Iranian and international negotiators today described the outline of a nuclear agreement that they say gives them the confidence to proceed with an attempt to finalize a deal by June 30.
The level of detail suggests an attempt to satisfy critics who have said Iran will never agree to seriously limit its work on enriched uranium, and toward the presumed creation of a nuclear weapon. But American opponents of the Iranian regime are still likely to assail the agreement, in particular a clause that provides a broad timetable for a lifting of all sanctions.
Iran for the first time agreed, concretely, to reduce the number of its uranium-enriching centrifuges from the current 19,000 to somewhere between 5,000 and 6,000; to allow strict international oversight for a decade; and to either dilute its current stock of highly enriched uranium or ship it abroad.
When the agreements are implemented, and verified by the International Atomic Energy Agency, all oil and financial sanctions on Iran will be lifted, according to a statement read this evening (April 2) from Lausanne, Switzerland, where the talks were held.
The detail in the statement—listing limitations on specific enrichment facilities, for example—is surprising. And it suggests that, against Iran’s long insistence that it was not prepared to talk specifics at this time, it bent in the final few hours of an eight-day, marathon negotiating session. Previously, Iran’s negotiators had stuck to a strategy stated by supreme leader Ali Khamenei, which was to seek a single, all-encompassing agreement to be announced June 30. Such a shift in strategy would only be possible if Khamenei himself instructed his team to make it, a signal from Tehran that must have been passed early this morning.
Brent crude oil prices fell more than 4.9% to $54.28 a barrel, suggesting the market is taking the preliminary deal seriously.
The question now will be whether the US Congress is prepared to trust that the preliminary accord merits holding off on new sanctions against Tehran.
There is reason to believe that president Barack Obama will have a tough time persuading Congress to hold fire: Khamenei’s calculus has seemed to underestimate the resolve of a possibly veto-proof congressional majority to impose harsher oil and financial sanctions in the absence of a breakthrough this week. Congress may inform Khamenei of this reality when it reconvenes in a couple of weeks, and perhaps makes more severe sanctions one of its first orders of business.

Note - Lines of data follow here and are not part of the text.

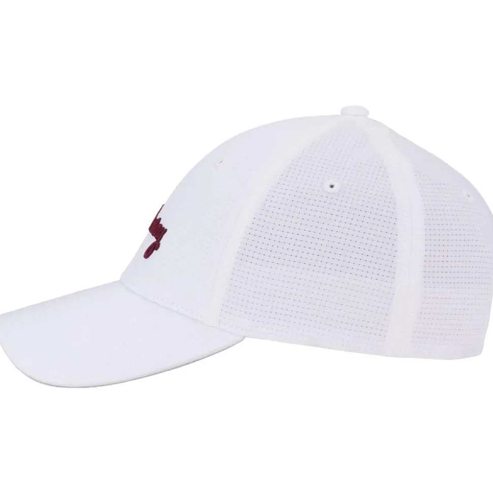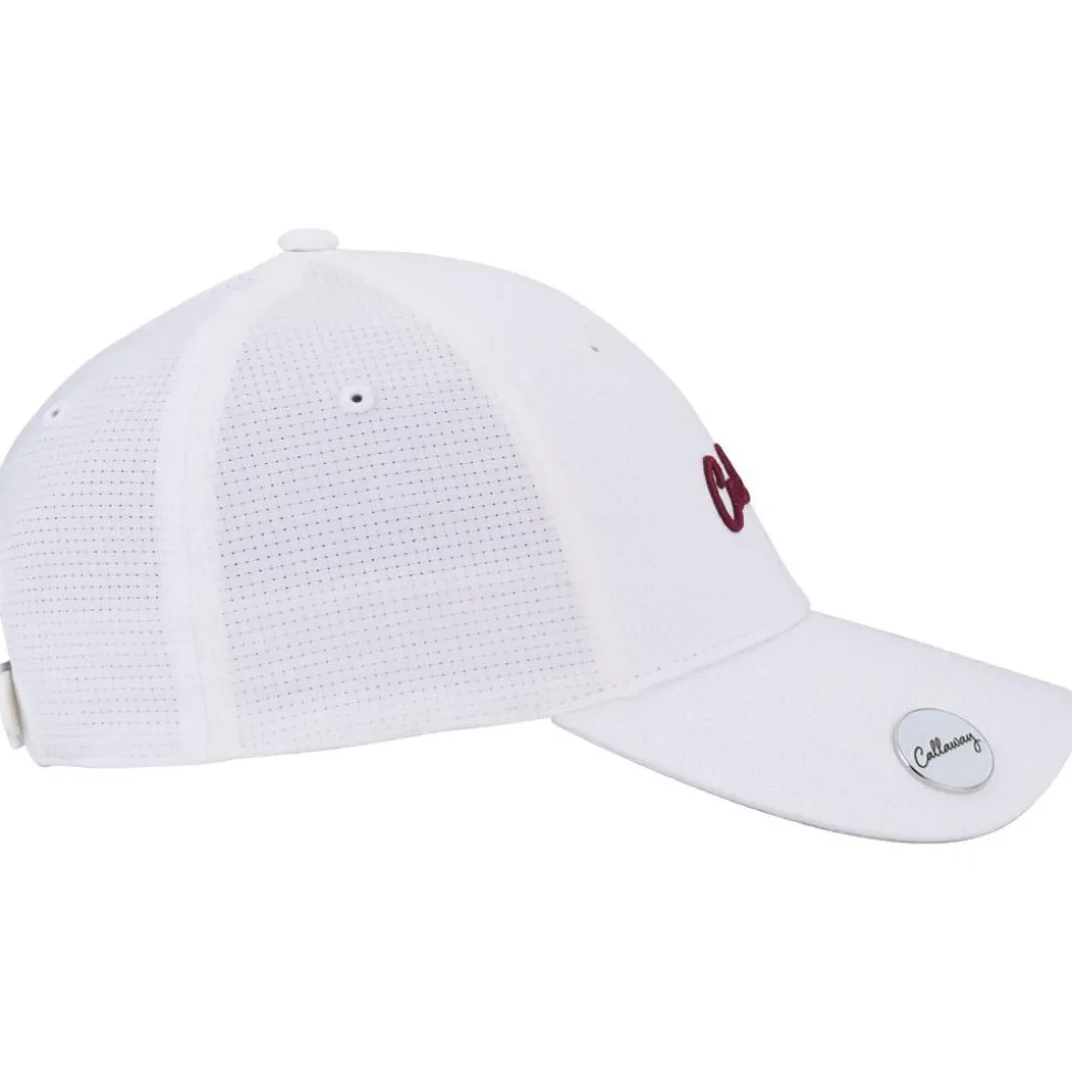 La casquette Callaway Women Stitch Magnet White Red Plum allie confort et praticité, avec une matière microperforée favorisant l’aération et un marqueur de balle aimanté intégré.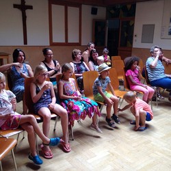 Vorlesen - Bilderbuchkino - Kamishibai und am Schluss noch eine Blindverkostung - trotz der hochsommerlichen Temperaturen hatten die Kinder großen Spass bei unserer kleinen, aber feinen Veranstaltung.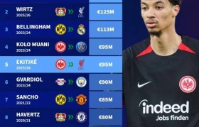 德甲转出费用排名:埃基蒂克9500万欧并列第4,前10多特法鹰各3人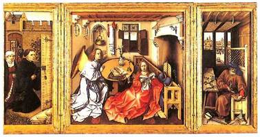 Hogeita bost bat lanen egiletzat hartzen da Flemalle maisua ; horien artean Gizakundea triptikoa da nagusia (1425), mundu sakratuaren eta egunerokoaren arteko bateratzearen erakusgarri bikaina. Ordu arte, nazioarteko estiloaren barruan, mundu aristola-atilcoa erakusten zen ; lan honetan, aldiz, flandriar burges baten etxea erakusten da. Flemalle maisua, Robert Campin izan edo ez izan, ez zen gorteko pintorea, baizik eta hiritar dirudunen nahiak betetzen saiatzen zen burgesa, Andre Afariaren aurrean belauniko jartzen ziren hiritarrena batez ere. Aipatutako lan horretan marraztu zen lehenengo alcliz Gizakundea gela baten barruan, inguruan altzariak dituela ; eta irudi horren alboko gelan San Jose irudikatzen da, lanean. Andre Maria lurrean eserita dago (umiltasunaren irudi), liburu bat irakurtzen.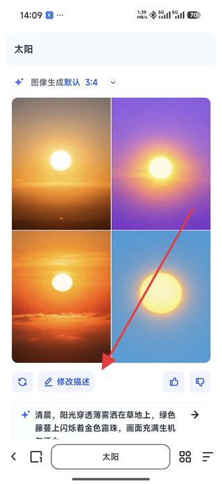 3、生成圖片后,若對效果不滿意,可點擊修改描述按鈕,調(diào)整創(chuàng)作描述內(nèi)容,重新生成圖片直到滿意為止。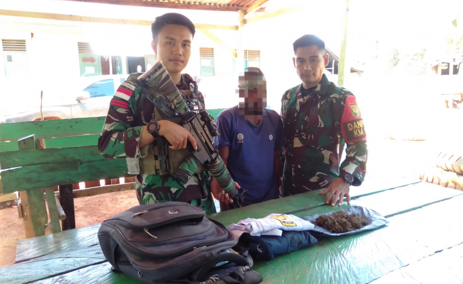 Boven Digoel Satgas Yonif 144/JY Pos KM 53 berhasil menangkap pelaku yang membawa paket ganja kering saat melaksanakan kegiatan Ambus di KM 47, Distrik Jair, Kabupaten Boven Digoel, Papua Selatan. Jumat (15/11/2024).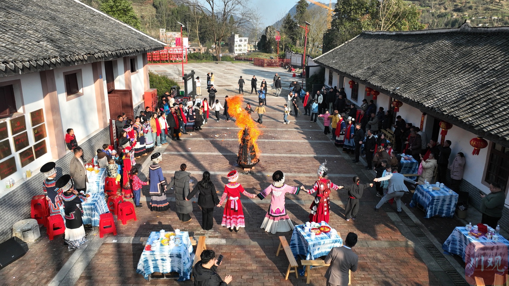 2月11日,泸州市叙永县石厢子彝族乡“过开心年”陈列馆处,一墙之隔,两个中国。91年前,石厢子还只是一个仅有400多人的村庄,中央红军在这里度过了长征路上唯一的一个春节。91年后,这里总人口9339人,2024年全乡GDP达1.52亿元。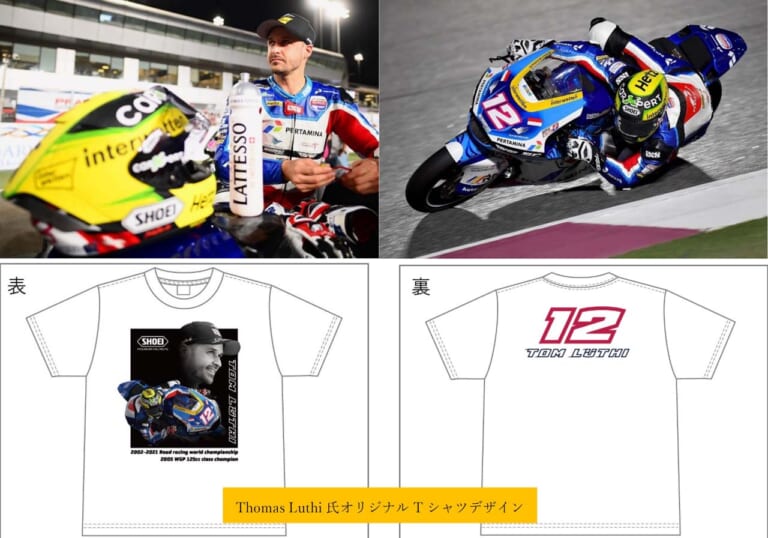まずは、2021年シーズンを最後にMoto2ライダーとして現役引退を表明し、来季はMoto3参戦中のチーム『PruestelGP(プルステルジーピー)』のスポーツディレクターに就任が決まっているトーマス・ルティ選手が、11月15日(火)に東京へやってくる。イベントではルティ選手オリジナルTシャツの即売会、サイン会、フォトセッションが予定されており、参加にあたってはSHOEIオフィシャルサイトから『my SHOEI』への会員登録が必須となる。
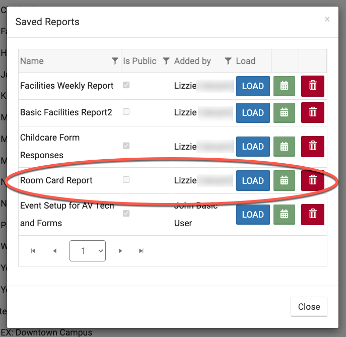 - You can click the red trashcan icon to delete the report.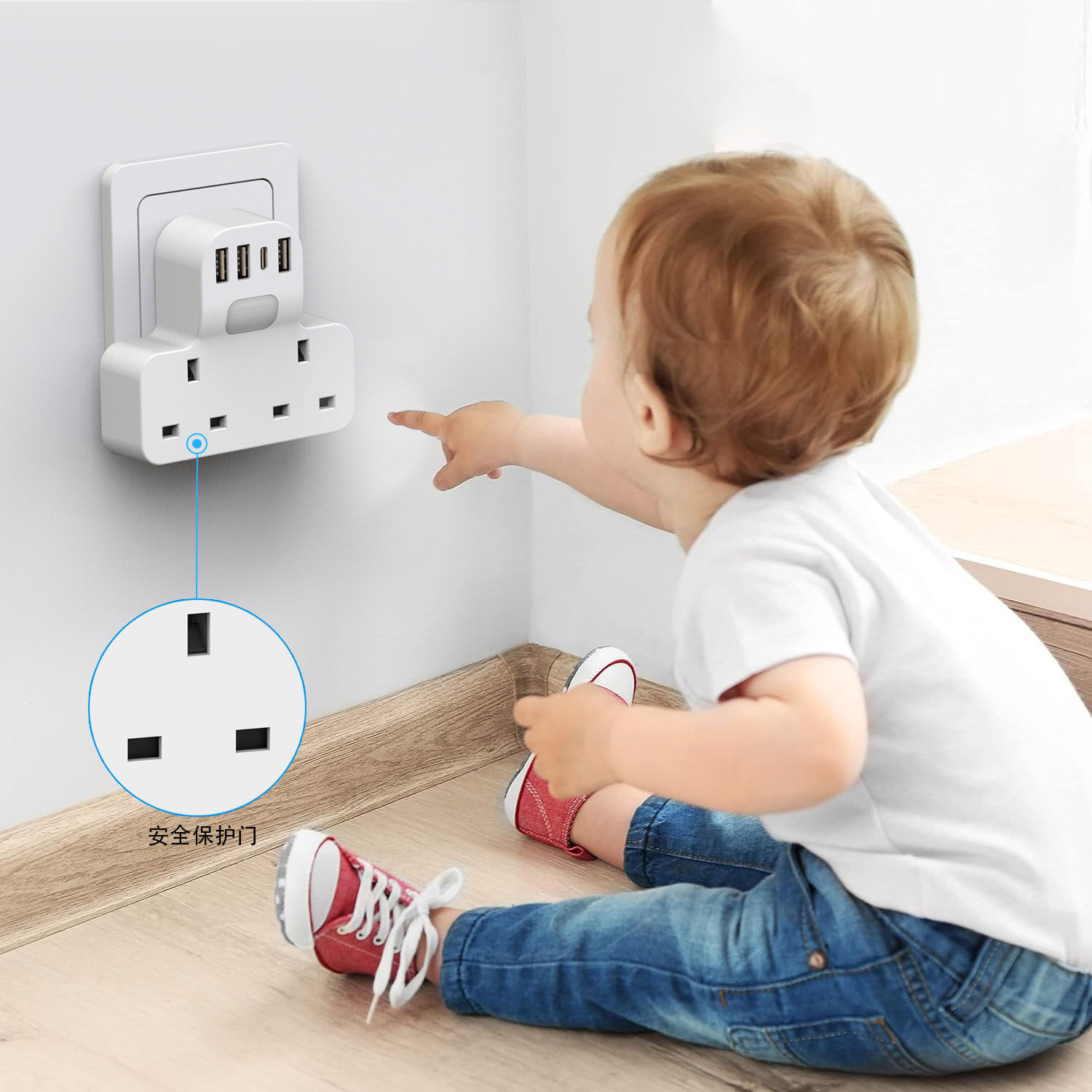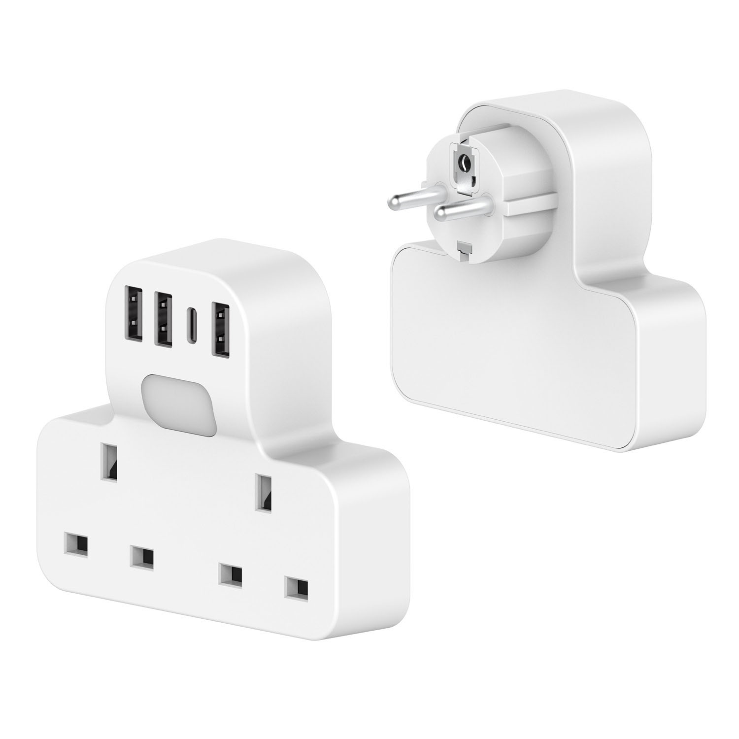 Convert EU Schuko (Type C/F) wall plug to 2 UK standard 3-pin sockets, perfect for using British standard electrical devices in Europe, ideal for travel, hotel, dormitory and office use.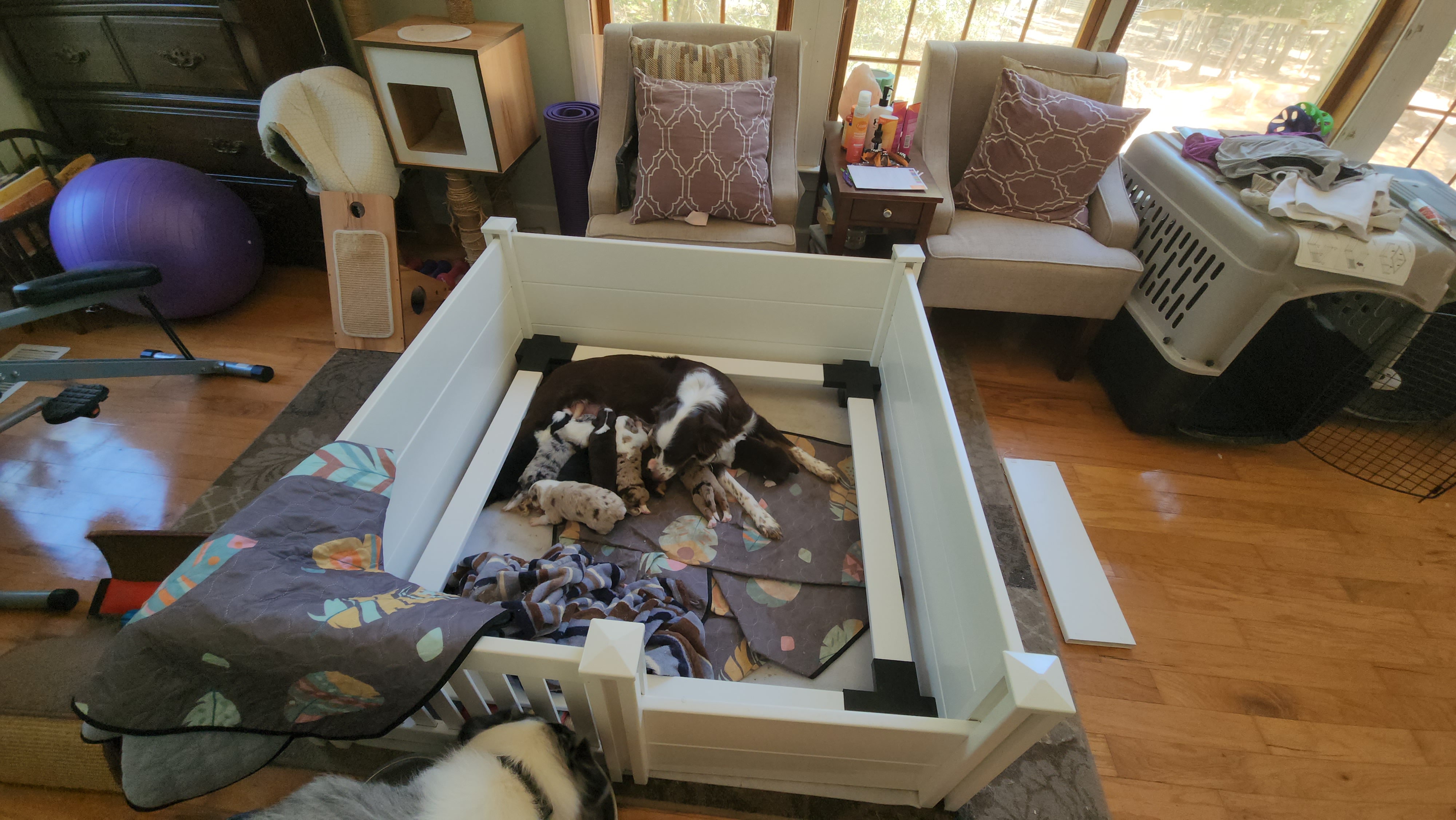 My first litter was of Labrador Retrievers in the 1980s. Problem was I had 3 small children at the time. It was a bit much. After those dogs crossed the rainbow bridge, my husband wanted to explore other breeds. We had a lovely Rottweiler for 8 short years. I learned to delve into breed longevity and health issues. We decided on an Australian Shepherd and I feel in love with the breed!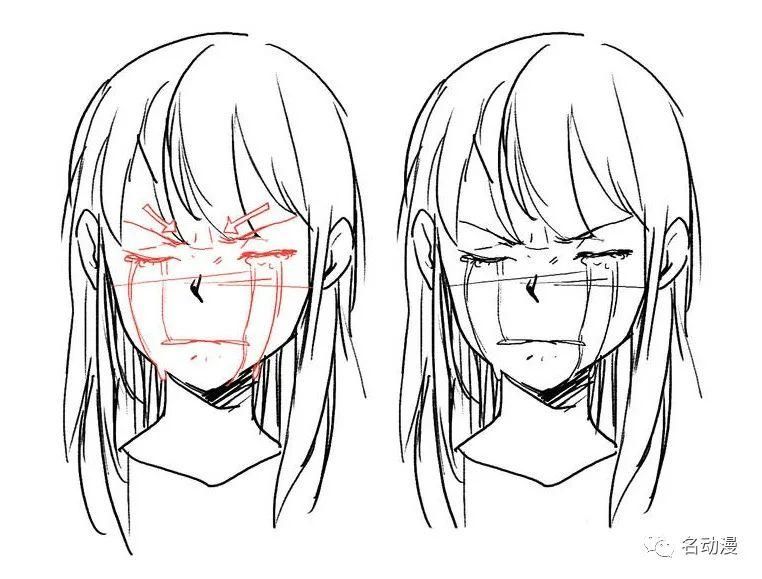 除了“泪流满面”型可以表现哭泣以外,其实我们还需要脸部其他结构的“联动”,让人物的情绪愈加明显。

The issues right now are fairly clear-cut—the international side, called P5+1, wanted Iran to agree on paper to 15 years or so of restrictions on its capacity to create highly enriched uranium, and on its plans to both build and conduct research on more advanced nuclear technologies. Iran, meanwhile, has demanded fewer restrictions, covering a shorter period of time, and wants all oil and financial sanctions to be lifted immediately. As described, the tentative accord seems to cut the deal somewhere in the middle of the two.
Speaking from the White House rose garden, Obama said the framework represented a “historic understanding with Iran… which if fully implemented will prevent it from obtaining a nuclear weapon.”
The rush by P5+1 to get something down on paper was entirely driven by American politics—a large, bipartisan well in the House and Senate, suspicious of Iran’s sincerity and trustworthiness, is keen to punish Tehran for not caving in more quickly. This urgency was criticized by France and others who said it played into Tehran’s hands, giving Iran another negotiating ace when it is in no hurry at all. Such critics may rightly look at American politics as a bizarre, small-time game of lots of hot air and a shortage of statesmanlike policy.
As the negotiations enter their final phase, Iran may watch the stakes go up, mainly because of its own taste for brinksmanship. In the absence of a tangible, finalized deal, Congress is as likely as not to impose harsher sanctions, to be triggered right around July 1.